SOLUTION Let cos⁻¹(−1/√2) = y, so cos y = −1/√2 with y ∈ [0, π]. cos(3π/4) = −cos(π/4) = −1/√2 and 3π/4 lies in [0, π]. ∴ principal value = 3π/4.

10. cosec⁻¹ (−√2)

SOLUTION Let cosec⁻¹(−√2) = y, so cosec y = −√2, i.e. sin y = −1/√2, with y ∈ [−π/2, π/2] − {0}. sin(−π/4) = −1/√2, so cosec(−π/4) = −√2. ∴ principal value = −π/4.

Find the values of the following:

11. tan⁻¹(1) + cos⁻¹(−1/2) + sin⁻¹(−1/2)

SOLUTION tan⁻¹(1) = π/4 (since tan(π/4) = 1). cos⁻¹(−1/2) = 2π/3 (since cos(2π/3) = −1/2). sin⁻¹(−1/2) = −π/6 (since sin(−π/6) = −1/2). Sum = π/4 + 2π/3 − π/6. LCD 12: 3π/12 + 8π/12 − 2π/12 = 9π/12 = 3π/4.

12. cos⁻¹(1/2) + 2 sin⁻¹(1/2)

SOLUTION cos⁻¹(1/2) = π/3 (since cos(π/3) = 1/2). sin⁻¹(1/2) = π/6, so 2 sin⁻¹(1/2) = π/3. Sum = π/3 + π/3 = 2π/3.

13. If sin⁻¹ x = y, then (A) 0 ≤ y ≤ π (B) −π/2 ≤ y ≤ π/2 (C) 0 < y < π (D) −π/2 < y < π/2

SOLUTION The principal value branch (range) of sin⁻¹ is the closed interval [−π/2, π/2]. So if sin⁻¹ x = y, then −π/2 ≤ y ≤ π/2. ∴ correct option is (B).

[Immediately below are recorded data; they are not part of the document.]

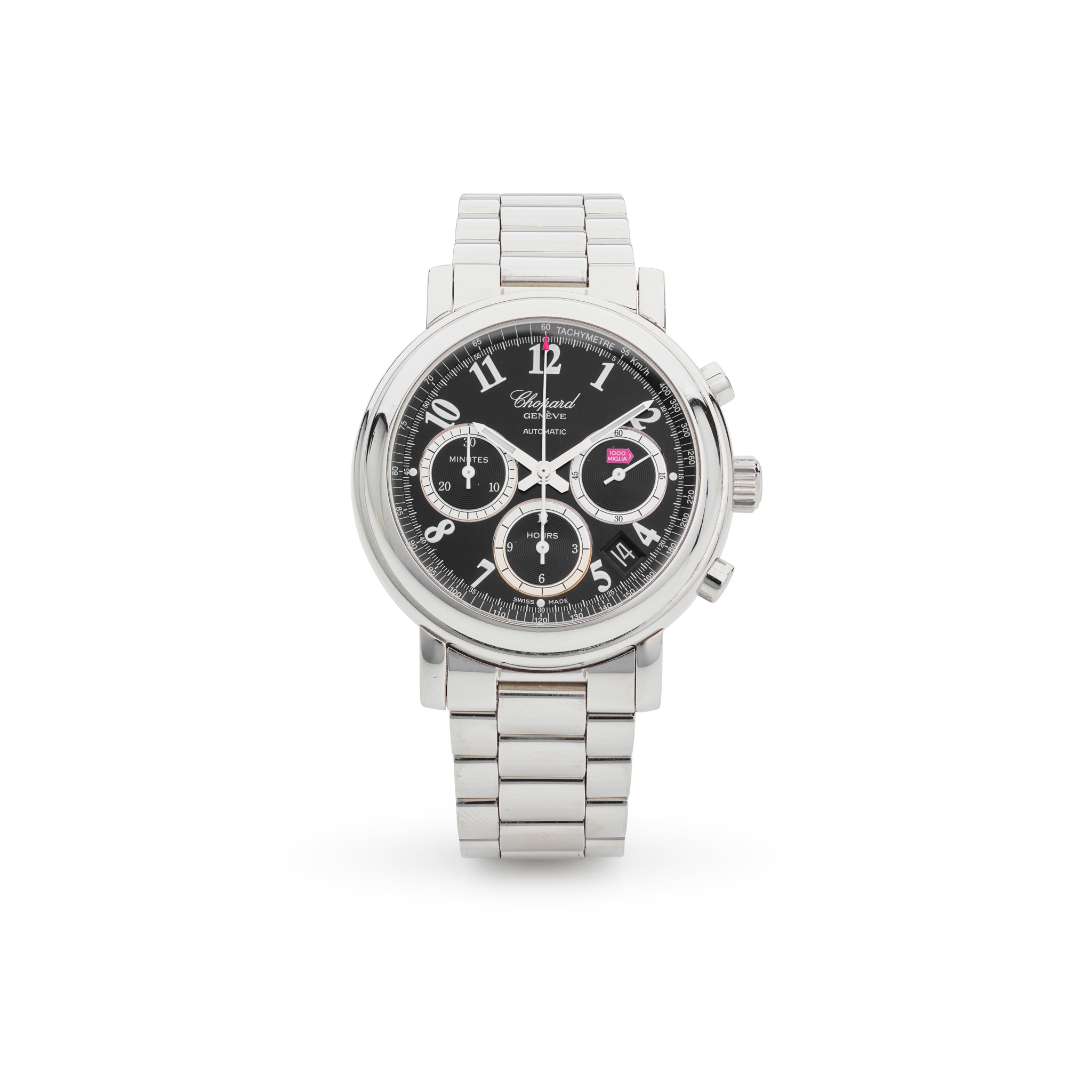 Mille Miglia model 8331, stainless steel case, signed Chopard automatic movement, signed round black dial with Arabic numerals in white, three subsidiary dials at 3, 6 and 9 for small seconds, 2 hour register and 30 minute register respectively, stainless steel pencil hands with lume inserts, centre chronograph hand in white with red terminal, outer seconds track in white, tachymeter scale also in white to the bevelled dial edge, crown with monogram and flanked by twin cylindrical push-buttons, exhibition caseback, a stainless steel bracelet strap with signed concealed Chopard clasp, no box and papers
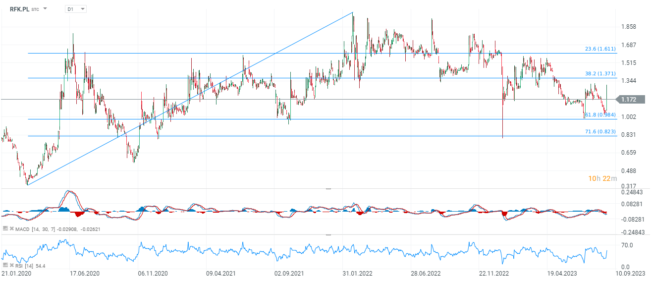 Akcje Rafako (RFK.PL), interwał D1. Źródło: xStation5
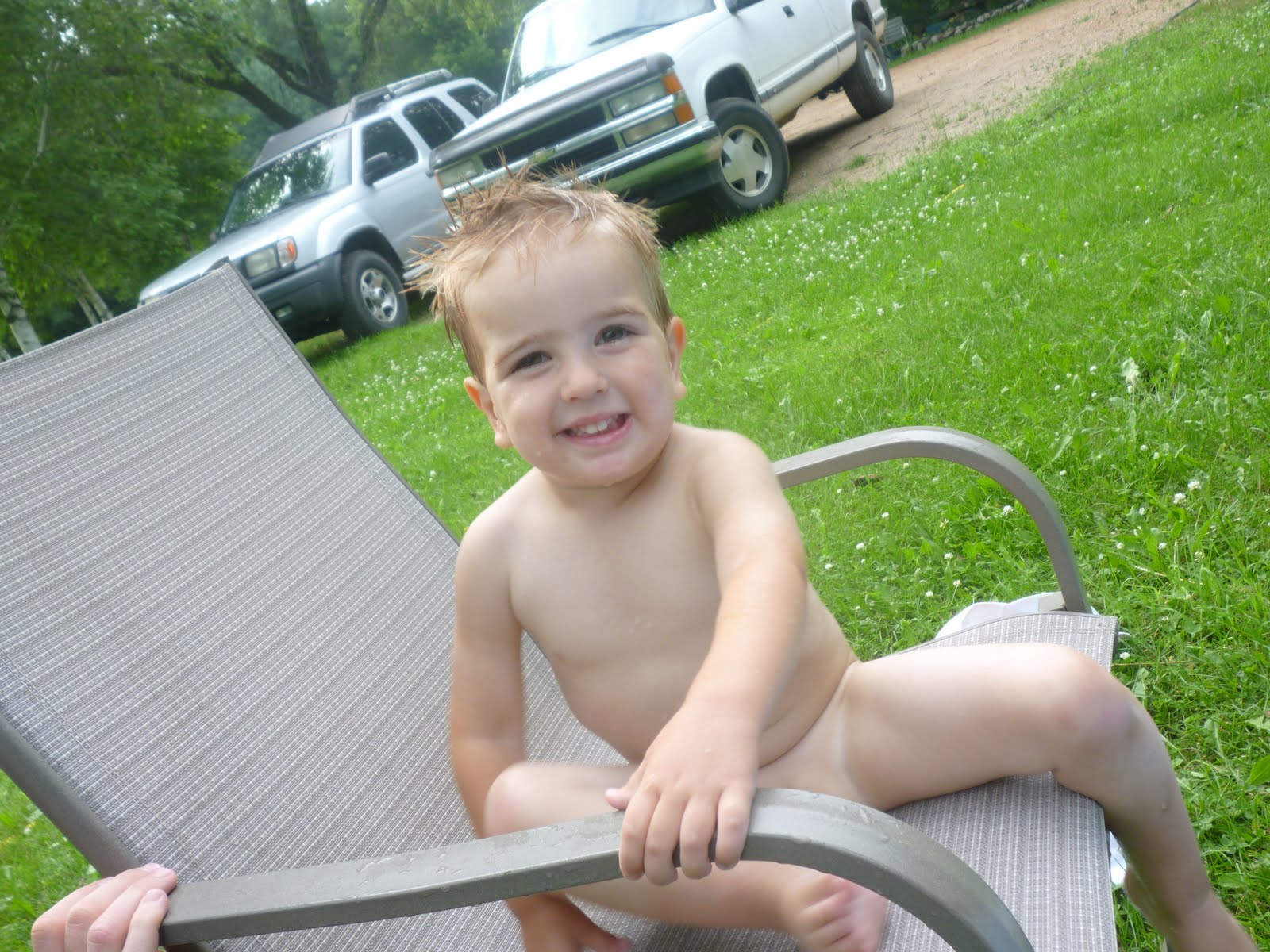 We had just come inside from an afterdinner swim (the only time it cooled off enought to go swimming) and were getting ready for bed. Jack Jack felt like laughing after his crawl across the pool to stand next to the slide.

14. tan⁻¹√3 − sec⁻¹(−2) is equal to (A) π (B) −π/3 (C) π/3 (D) 2π/3

SOLUTION tan⁻¹√3 = π/3 (since tan(π/3) = √3). sec⁻¹(−2): cos y = −1/2 with y ∈ [0, π] − {π/2}, so y = 2π/3. Value = π/3 − 2π/3 = −π/3. ∴ correct option is (B) −π/3.

Exercise 2.2 Solutions

Prove the following:

1. 3 sin⁻¹ x = sin⁻¹ (3x − 4x³), x ∈ [−1/2, 1/2]

SOLUTION Let x = sinθ, so θ = sin⁻¹ x. Since x ∈ [−1/2, 1/2], θ ∈ [−π/6, π/6] and 3θ ∈ [−π/2, π/2]. Using the triple-angle identity, sin 3θ = 3 sinθ − 4 sin³θ = 3x − 4x³. As 3θ lies in the principal range of sin⁻¹, sin⁻¹(3x − 4x³) = sin⁻¹(sin 3θ) = 3θ = 3 sin⁻¹ x. ∴ 3 sin⁻¹ x = sin⁻¹(3x − 4x³). Hence proved.

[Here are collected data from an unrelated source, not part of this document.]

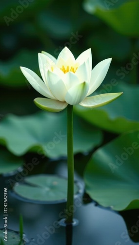 Obraz premium Delicate white lotus bloom rises from serene waters, nature, blooming, water lily
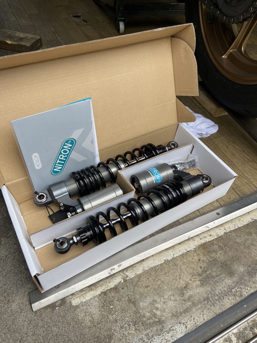 現在のYSSリヤショックの消耗に合わせ、かねてから検討していたナイトロンリヤショックに交換することになりました。
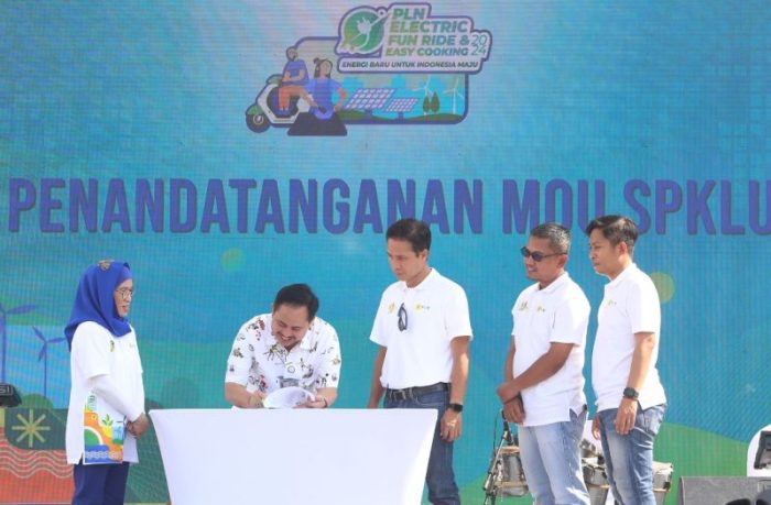 SURABAYATODAY.ID, SURABAYA – Pemerintah Kota (Pemkot) Surabaya akan menambah Stasiun Kendaraan Listrik Umum (SPKLU) di beberapa titik Kota Pahlawan sebagai langkah optimalisasi pengunaan kendaraan listrik. Hal ini tertuang dalam penandatanganan MoU/Nota Kesepakatan yang dilakukan Penjabat Sementara (Pjs) Wali Kota Surabaya Restu Novi Widiani bersama dengan Perusahaan Listrik Negara (PLN) di Balai Pemuda, Jumat (25/10).
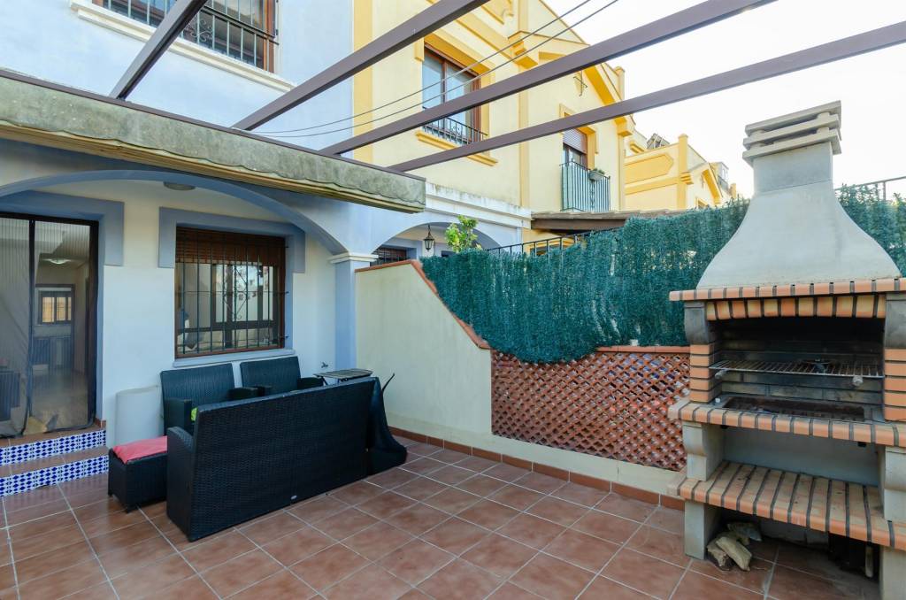 El porche cuenta con dos conjuntos de mobiliario de jardín, barbacoa de obra y pérgola de aluminio con toldo corredizo.

2. 3 cos⁻¹ x = cos⁻¹ (4x³ − 3x), x ∈ [1/2, 1]

SOLUTION Let x = cosθ, so θ = cos⁻¹ x. Since x ∈ [1/2, 1], θ ∈ [0, π/3] and 3θ ∈ [0, π]. Using the triple-angle identity, cos 3θ = 4 cos³θ − 3 cosθ = 4x³ − 3x. As 3θ lies in [0, π], the principal range of cos⁻¹, cos⁻¹(4x³ − 3x) = cos⁻¹(cos 3θ) = 3θ = 3 cos⁻¹ x. ∴ 3 cos⁻¹ x = cos⁻¹(4x³ − 3x). Hence proved.

Write the following functions in the simplest form:

3. tan⁻¹ [(√(1 + x²) − 1)/x], x ≠ 0

SOLUTION Put x = tanθ, so √(1 + x²) = secθ. Expression = tan⁻¹[(secθ − 1)/tanθ] = tan⁻¹[(1 − cosθ)/sinθ]. Using 1 − cosθ = 2 sin²(θ/2) and sinθ = 2 sin(θ/2) cos(θ/2): = tan⁻¹[tan(θ/2)] = θ/2. ∴ expression = (1/2) tan⁻¹ x.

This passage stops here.